Your credit management strategy should focus on:

  • Reducing the amount of financial risk your business is exposed to
  • Increasing the likelihood your business will be paid on time
  • Reducing the chances of cashflow disruptions caused by late payments and bad debts

A credit management review should focus on reviewing how you have provided credit to your customers in the past, acknowledging the weaknesses in your current systems, and improving your processes so that your business is more sustainable going forward.

Terms of Trade

You must have robust Terms of Trade in place before offering credit to your customers.

Your Terms of Trade depict the terms and conditions of a sale and form a contractual relationship between the buyer and seller. It’s important to be as specific as possible to ensure your customers know their rights and obligations. Your Terms of Trade allow you to do what you need to do in the event a customer doesn’t pay on time, as well as ensuring you maximise your margin and profit and therefore maximising your cash position.

Ensure customers accept your Terms of Trade before they first buy from you. Customers must acknowledge in some way that they’ve read and accepted your Terms of Trade; it’s not enough to simply send them to customers. You can change your Terms of Trade as you go but you must point out changes to customers and get them to

confirm that they accept these changes. If you don’t do this, any changes to your Terms of Trade may be unenforceable.

It’s likely some of your terms will need to be updated to reflect changes to your business practices as a result of the impact of Covid-19. Pay particular attention to your payment and delivery terms and how these may need to change.

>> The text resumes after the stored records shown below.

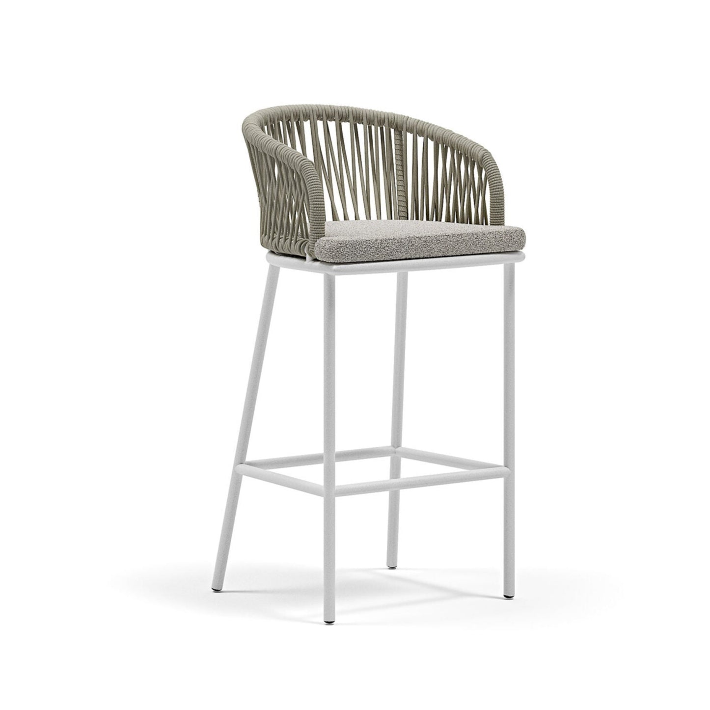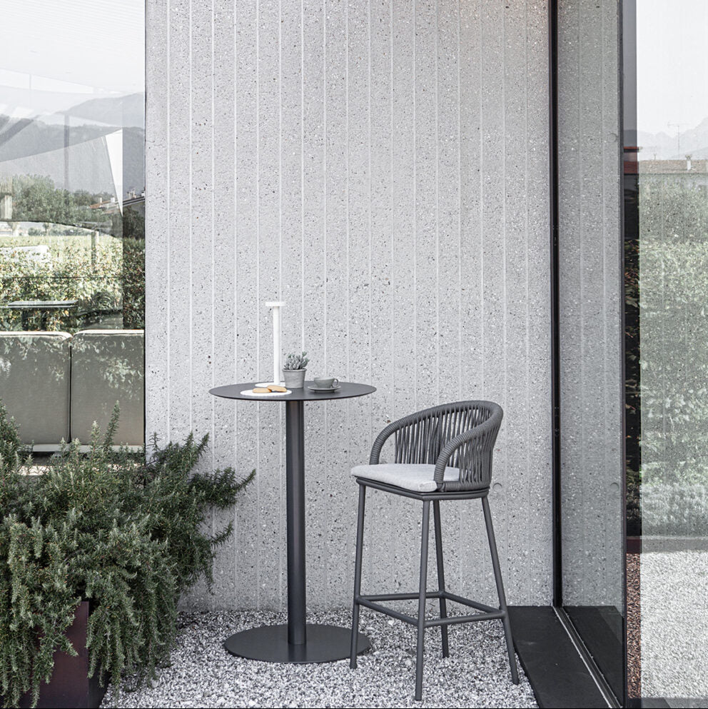 The elegant white or graphite aluminum frame is covered in a fabric woven from textile-like cords. The Pleasure collection brings sophistication and comfort to any space with its natural, soft look. Available with a choice of upholstery.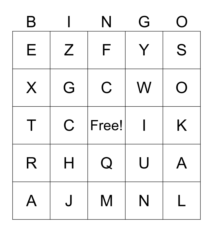 This bingo card has a free space and 29 words: A, B, C, D, E, F, G, H, I, J, K, L, M, N, O, P, Q, R, S, T, U, V, W, X, Y, Z, A, C and F.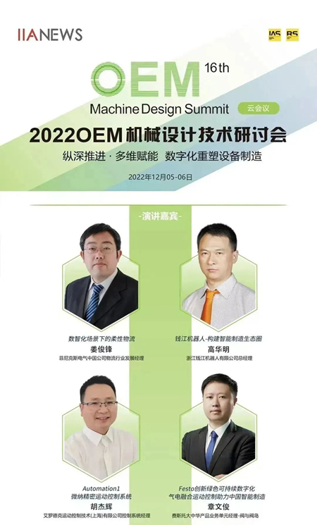 12月5日-6日,由中国国际工业博览会组委会主办,国际工业自动化、东浩兰生(集团)有限公司承办的2022 OEM机械设计技术研讨会将在云端开启,论坛将邀请菲尼克斯电气、钱江机器人、艾罗德克、费斯托、易福门电子、威琅电气、图尔克、PILZ等企业嘉宾,围绕运动控制、工业安全、工业传感与连接、数智化场景实践、构建智能制造生态圈等话题进行交流和分享,以“纵深推进·多维赋能”为主题,共同探讨数字化如何重塑设备制造。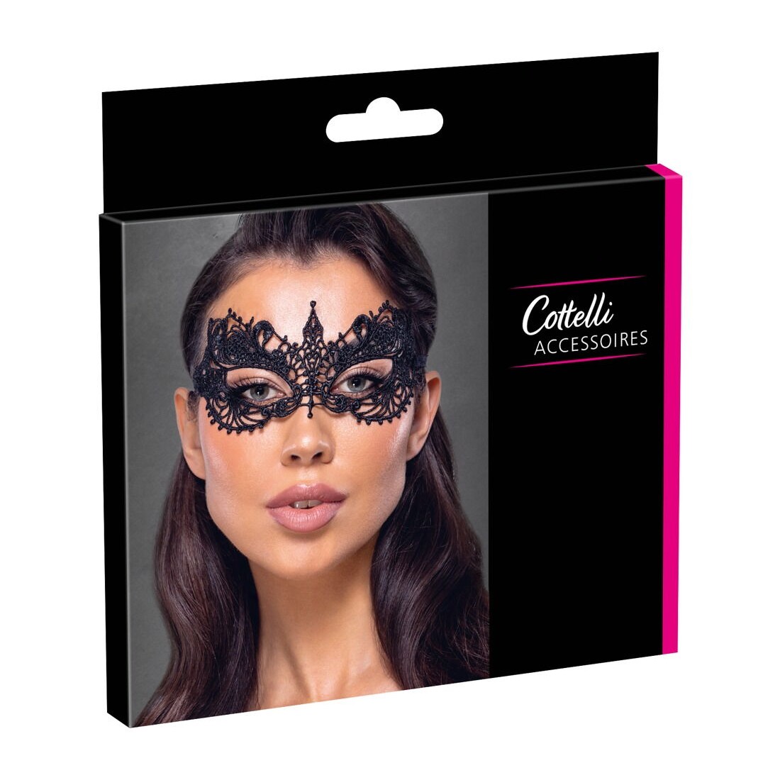 Bellissima maschera nera per gli occhi di Cottelli ACCESSOIRES con ricami delicati e di alta qualità intorno alle aperture per gli occhi. Con nastri di pizzo da annodare. Morbida e accogliente per una perfetta vestibilità e una sensazione di comfort.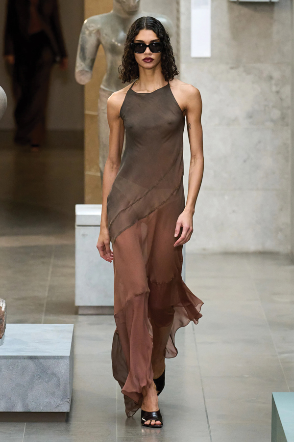 1. I’M BURNISHING my reputation in gauzy ombré Peter Do SS25, dyed using leaves/tree bark/earth.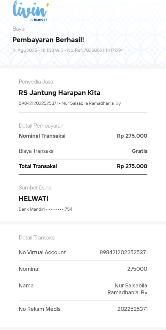 Saat ini Salsabila masih menunggu antrian untuk kontrol. Hasil kontrol online di Rumah Sakit Harapan Kita juga belum tahu kapan jadwal kateterisasi jantungnya.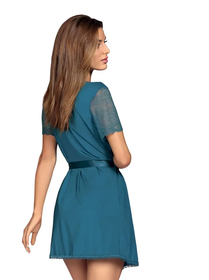 SET OBSESSIVE MIAMOR BATHROBE AND THONG Turquoise, Size L / XL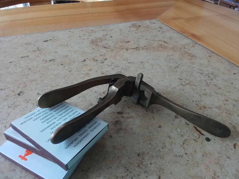 Zünderzange für og. Kaliber aus Messing,kann auch für org. 38er Colt Berdanhülsen verwendet werden.mit Herstellerkennzeichnung an den Griffen. Funktioneller Zustand. Leichte Gebrauchsspuren. Rest siehe Bilder. verkaufsbedingungen siehe iD MY GUN.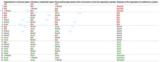 In our content analysis, we found that almost 70% of the articles referred directly or indirectly to co-creation factors. In most cases, the authors did not refer to them as drivers and barriers, but as problems and opportunities that influence the co-creation process. Refs. [24,70] divided the identified drivers and barriers into three groups: (1) structural/organizational drivers/barriers, (2) drivers/barriers related to internal (public organizations) co-creators and (3) contextual drivers/barriers. They mentioned two additional categories (“external co-creator” and “quality of relationship between co-creators”) that were excluded from the cleaned version of the drivers and barriers as they did not directly or indirectly relate to organizational aspects of the public organization, i.e., its characteristics and capacities. They felt that such a systematization was best suited to determine which drivers and barriers were relevant to the organizational structure of a public institution.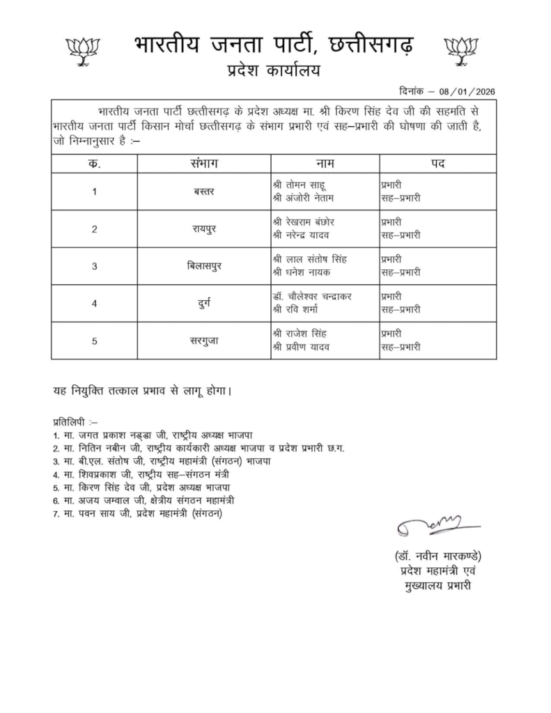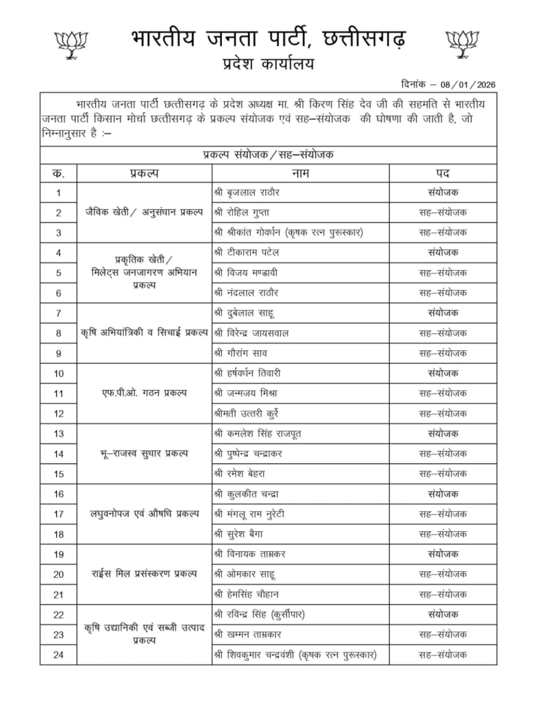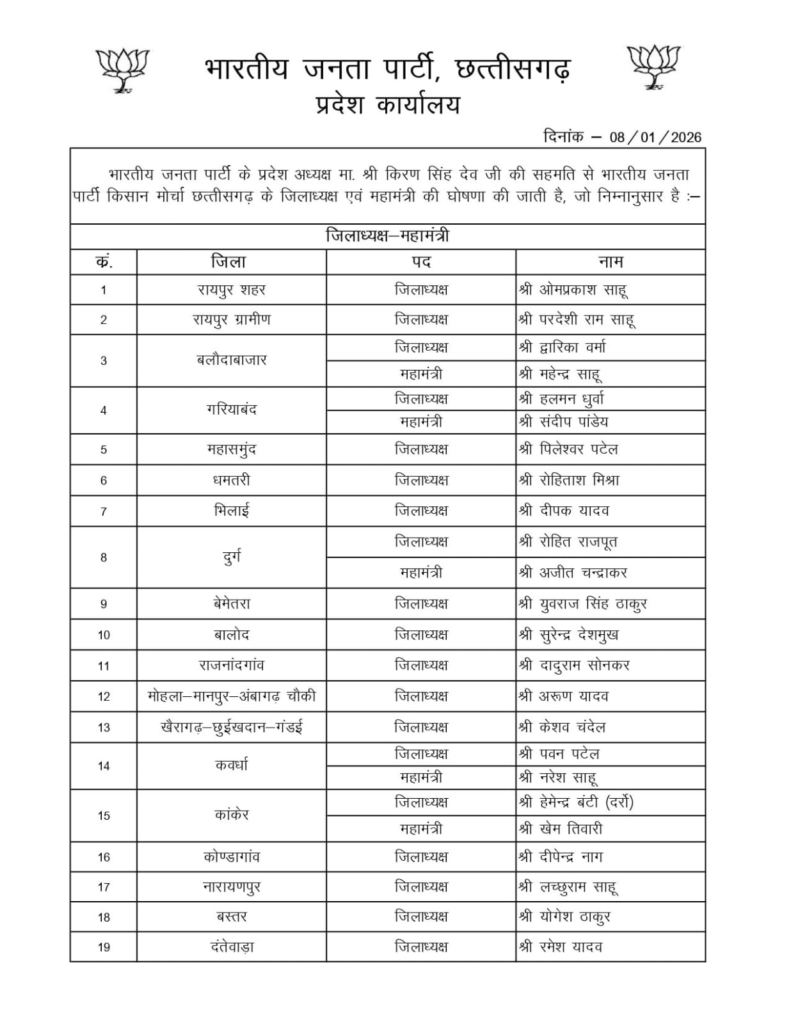 CG Politics : भाजपा किसान मोर्चा में नए पदाधिकारियों की नियुक्ति, देखें किसे मिली जिम्मेदारी…!!

Review your Terms of Trade and ensure that they cover:

  • Delivery (how, when, cost, late delivery).
  • Installation.
  • Limits on liabilities.
  • Warranties.
  • Details of each party.
  • Payment terms and late payment implications (interest on late payments, cost of pursuing debt).
  • Personal guarantees from company Directors or Trustees of a Family Trust.
  • Price and matters that impact price (tax, estimates vs quotes, variations).
  • Reservation of title.
  • Risk and insurance.
  • Other relevant items (indemnities, governing laws, force majeure, privacy, credit checks, etc.).

After reviewing and updating your Terms of Trade, share them with your customers, highlighting key changes.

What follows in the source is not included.